__Aim of the task__
Could you give the records below again exactly, without the pictures?
%%
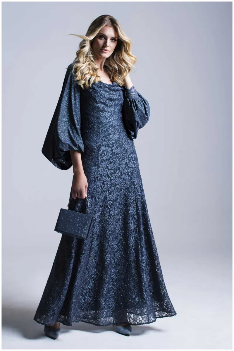 Raskošna duga haljina u plavoj boji. Viskozna postava čini je komfornom. Model je ukrašen prefinjenom čipkom koja je prekrivena svetlucavim premazom. Dodajte Luna ešarpu i nakit kako biste upotpunili odevnu kombinaciju za svečane prilike.
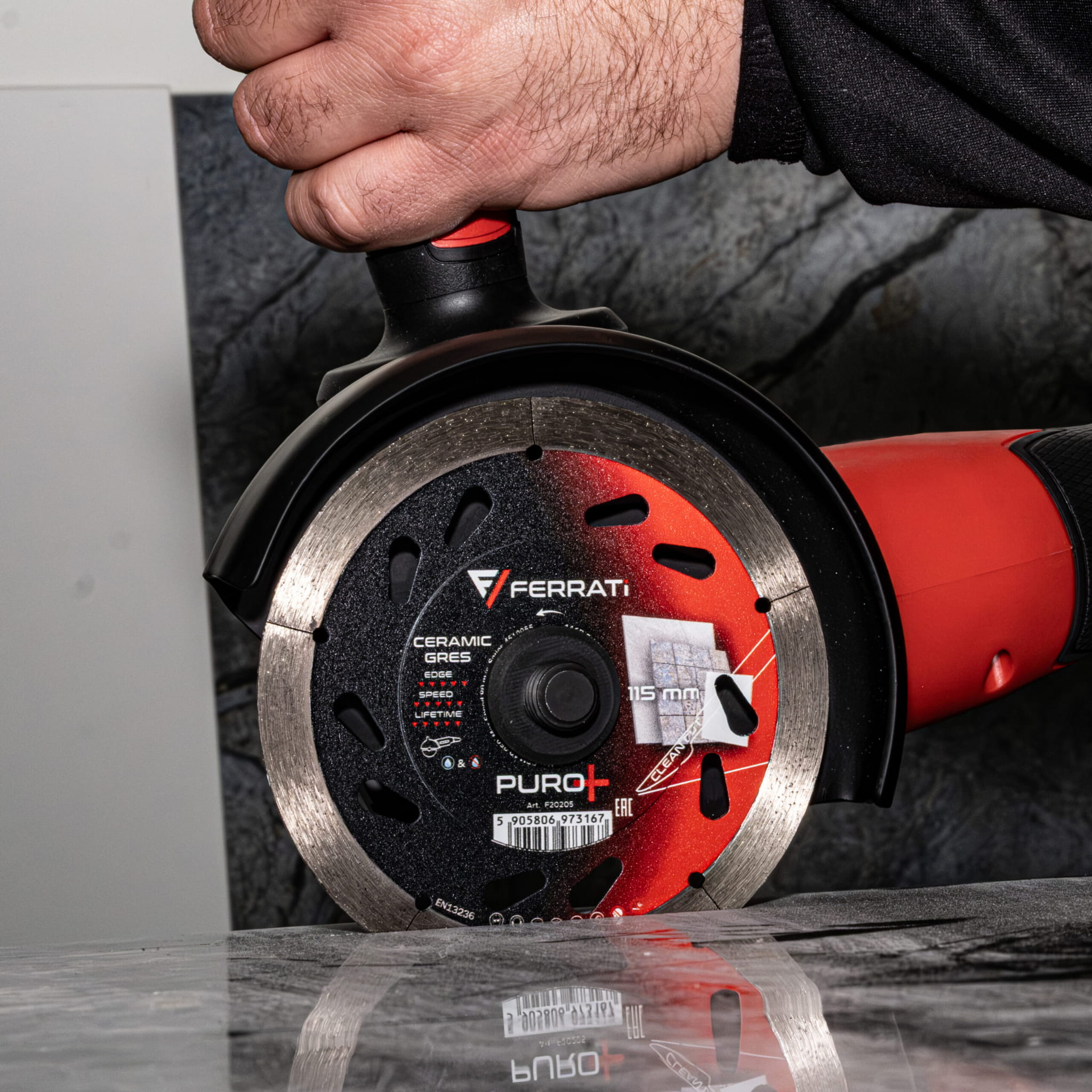 PURO+ to najnowsza odsłona naszej sprawdzonej tarczy PURO, stworzona w oparciu o doświadczenia i sugestie rzemieślników. Zachowując wszystkie cechy, które zdobyły zaufanie fachowców – cienki segment, gładką krawędź i pełną kontrolę cięcia – nowa wersja wprowadza istotne udoskonalenia w trzech kluczowych obszarach: precyzji, prędkości i trwałości. Wzmocniony korpus oraz nowe, przeprojektowane otwory wentylacyjne poprawiają stabilność tarczy, ograniczają przegrzewanie się segmentu i zapewniają efektywniejszą pracę. Dzięki temu PURO+ zachowuje stałą precyzję nawet przy długich i wymagających cięciach – od małych płytek po wielkoformatowy gres. Dostępna w rozmiarach 115 i 125 mm, PURO+ to narzędzie dla profesjonalistów, którzy oczekują powtarzalności, niezawodności i najwyższej jakości cięcia na całej długości pracy – niezależnie od rodzaju i formatu materiału. To tarcza dla tych, którzy chcą połączyć sprawdzone cechy klasycznej PURO z nowoczesnymi rozwiązaniami zwiększającymi efektywność i komfort pracy.
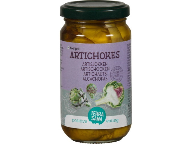 Ingredienten: Artisjokken* (60%), extra vierge olijfolie*, appelazijn*, zeezout, *= Biologisch
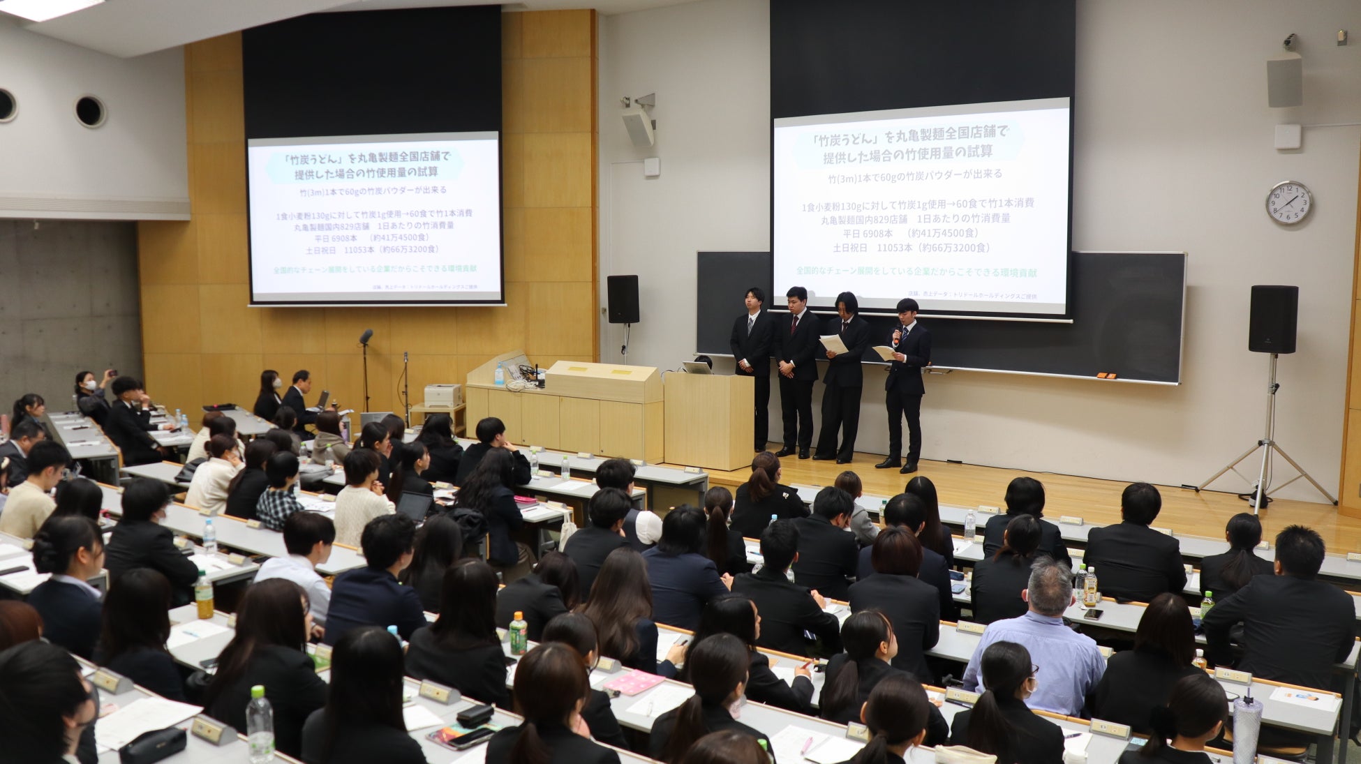 学生たちはまず竹炭の健康効果に着目し、同社が運営する「丸亀製麺」での展開を想定した、竹炭とうどんを組み合わせた商品の可能性を検証。うどんを粉から自作し試食を重ね、味や食感に関するアンケートも実施するなど、約2年間にわたり研究を深めてきました。さらに、竹を用いた店内装飾や食器の提案、里山での環境教育への展開など、幅広い活用案も盛り込みました。
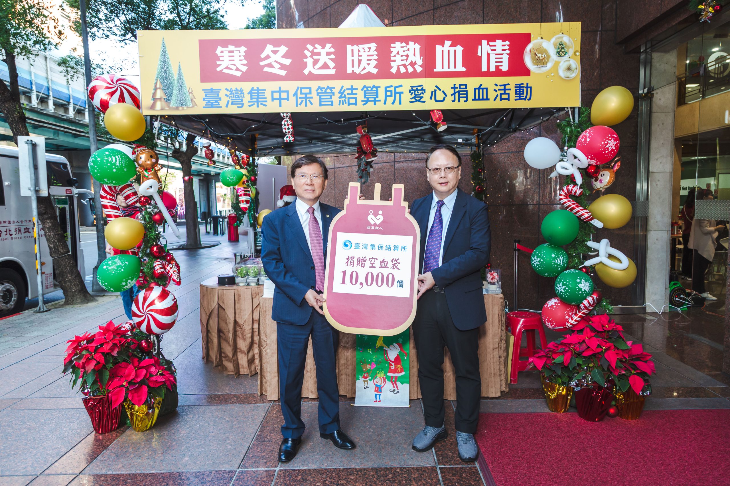 集保結算所董事長林丙輝(左)代表公司捐贈1萬個血袋予台北捐血中心,由該中心主任林敏昌(右)代表接受。(集保提供)
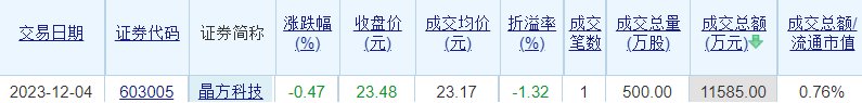 晶方科技昨日大宗交易成交1.16亿元 折价率1.32%
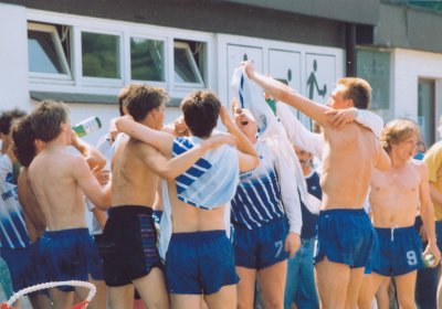 Bilder vom Aufstieg in die Bezirksklasse Süd im Jahr 1992, nach dem letzten Punktspiel bei Frisia Husum II, das mit 2:1 gewonnen wurde.
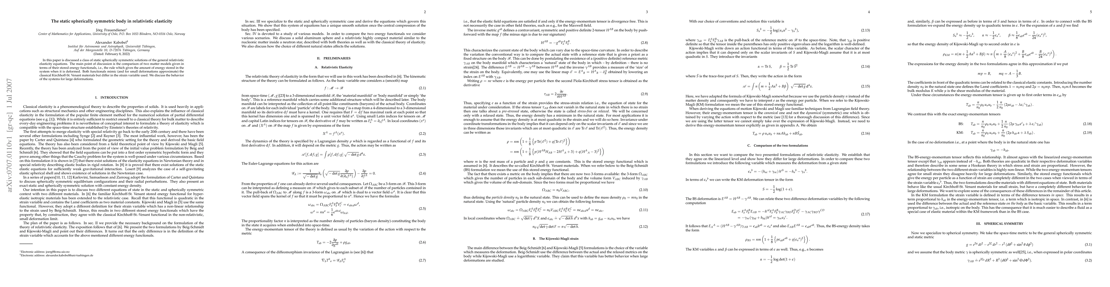 In this paper is discussed a class of static spherically symmetric solutions of the general relativistic elasticity equations. The main point of discussion is the comparison of two matter models given in terms of their stored energy functionals, i.e., the rule which gives the amount of energy stored in the system when it is deformed. Both functionals mimic (and for small deformations approximate) the classical Kirchhoff-St.Venant materials but differ in the strain variable used. We discuss the behavior of the systems for large deformations.
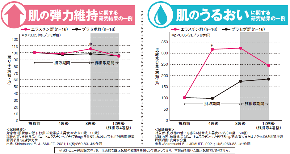 <機能性関与成分 ボニートエラスチンペプチド 研究結果の一例>
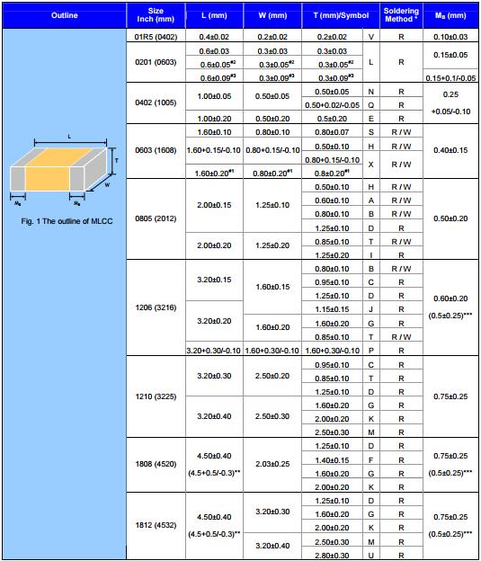 華科貼片電容尺寸圖:
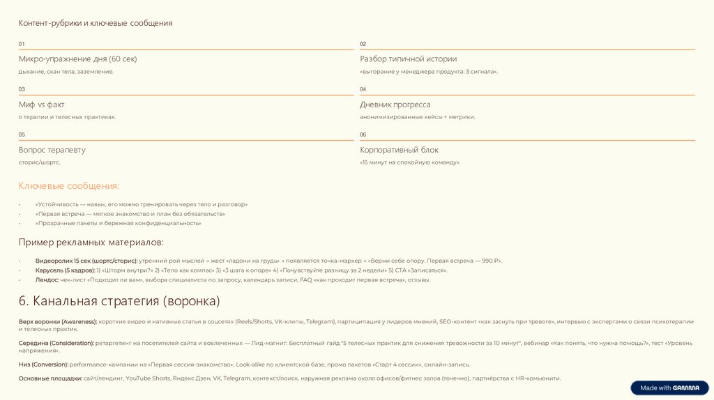 Видеоролики 15–30 сек («Шторм — Опора», «3 сигнала выгорания», «Тело помнит»).
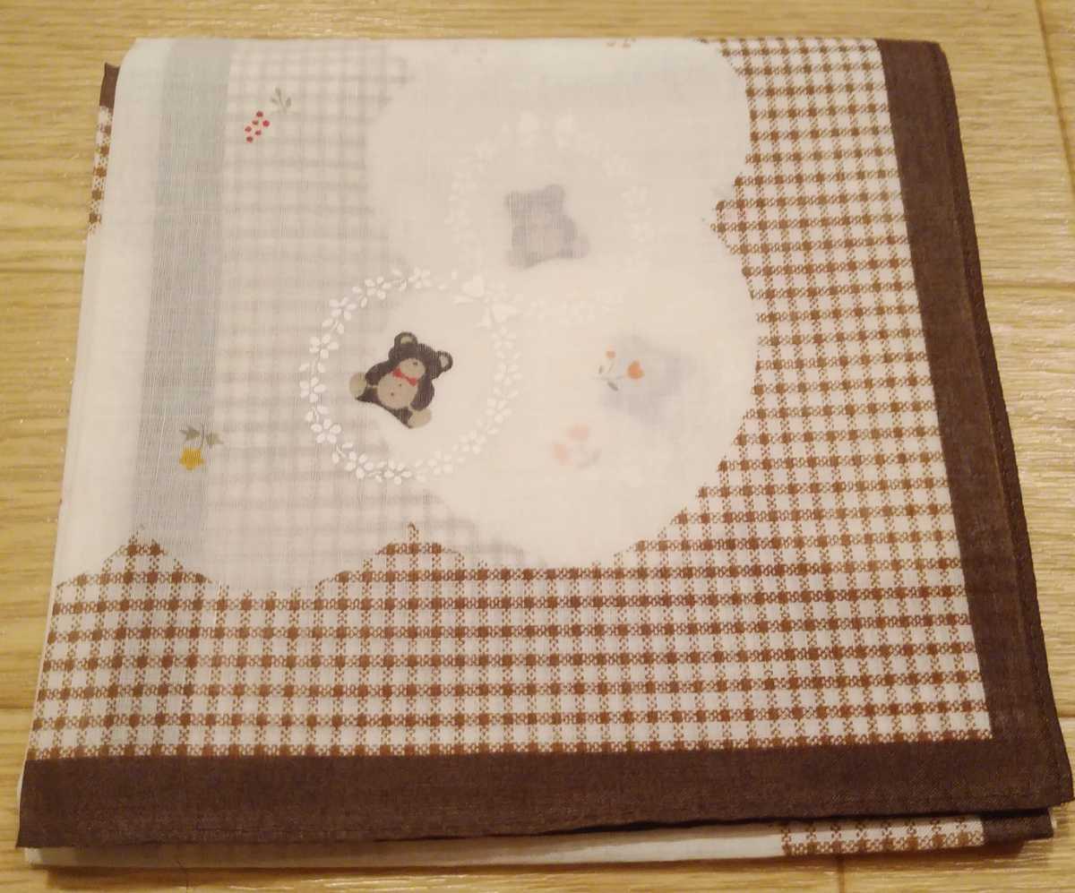 - 即決☆未使用☆当時物☆ブラウン ×ホワイト チェック柄 クマさん ハンカチ 90年代 綿100% ファンシー雑貨 定形外120円
%%
__Solution to the exercise__
 Raskošna duga haljina u plavoj boji. Viskozna postava čini je komfornom. Model je ukrašen prefinjenom čipkom koja je prekrivena svetlucavim premazom. Dodajte Luna ešarpu i nakit kako biste upotpunili odevnu kombinaciju za svečane prilike.
 PURO+ to najnowsza odsłona naszej sprawdzonej tarczy PURO, stworzona w oparciu o doświadczenia i sugestie rzemieślników. Zachowując wszystkie cechy, które zdobyły zaufanie fachowców – cienki segment, gładką krawędź i pełną kontrolę cięcia – nowa wersja wprowadza istotne udoskonalenia w trzech kluczowych obszarach: precyzji, prędkości i trwałości. Wzmocniony korpus oraz nowe, przeprojektowane otwory wentylacyjne poprawiają stabilność tarczy, ograniczają przegrzewanie się segmentu i zapewniają efektywniejszą pracę. Dzięki temu PURO+ zachowuje stałą precyzję nawet przy długich i wymagających cięciach – od małych płytek po wielkoformatowy gres. Dostępna w rozmiarach 115 i 125 mm, PURO+ to narzędzie dla profesjonalistów, którzy oczekują powtarzalności, niezawodności i najwyższej jakości cięcia na całej długości pracy – niezależnie od rodzaju i formatu materiału. To tarcza dla tych, którzy chcą połączyć sprawdzone cechy klasycznej PURO z nowoczesnymi rozwiązaniami zwiększającymi efektywność i komfort pracy.
 Ingredienten: Artisjokken* (60%), extra vierge olijfolie*, appelazijn*, zeezout, *= Biologisch
 学生たちはまず竹炭の健康効果に着目し、同社が運営する「丸亀製麺」での展開を想定した、竹炭とうどんを組み合わせた商品の可能性を検証。うどんを粉から自作し試食を重ね、味や食感に関するアンケートも実施するなど、約2年間にわたり研究を深めてきました。さらに、竹を用いた店内装飾や食器の提案、里山での環境教育への展開など、幅広い活用案も盛り込みました。
 集保結算所董事長林丙輝(左)代表公司捐贈1萬個血袋予台北捐血中心,由該中心主任林敏昌(右)代表接受。(集保提供)
 晶方科技昨日大宗交易成交1.16亿元 折价率1.32%
 Bilder vom Aufstieg in die Bezirksklasse Süd im Jahr 1992, nach dem letzten Punktspiel bei Frisia Husum II, das mit 2:1 gewonnen wurde.
 In this paper is discussed a class of static spherically symmetric solutions of the general relativistic elasticity equations. The main point of discussion is the comparison of two matter models given in terms of their stored energy functionals, i.e., the rule which gives the amount of energy stored in the system when it is deformed. Both functionals mimic (and for small deformations approximate) the classical Kirchhoff-St.Venant materials but differ in the strain variable used. We discuss the behavior of the systems for large deformations.
 <機能性関与成分 ボニートエラスチンペプチド 研究結果の一例>
 華科貼片電容尺寸圖:
 Видеоролики 15–30 сек («Шторм — Опора», «3 сигнала выгорания», «Тело помнит»).
 - 即決☆未使用☆当時物☆ブラウン ×ホワイト チェック柄 クマさん ハンカチ 90年代 綿100% ファンシー雑貨 定形外120円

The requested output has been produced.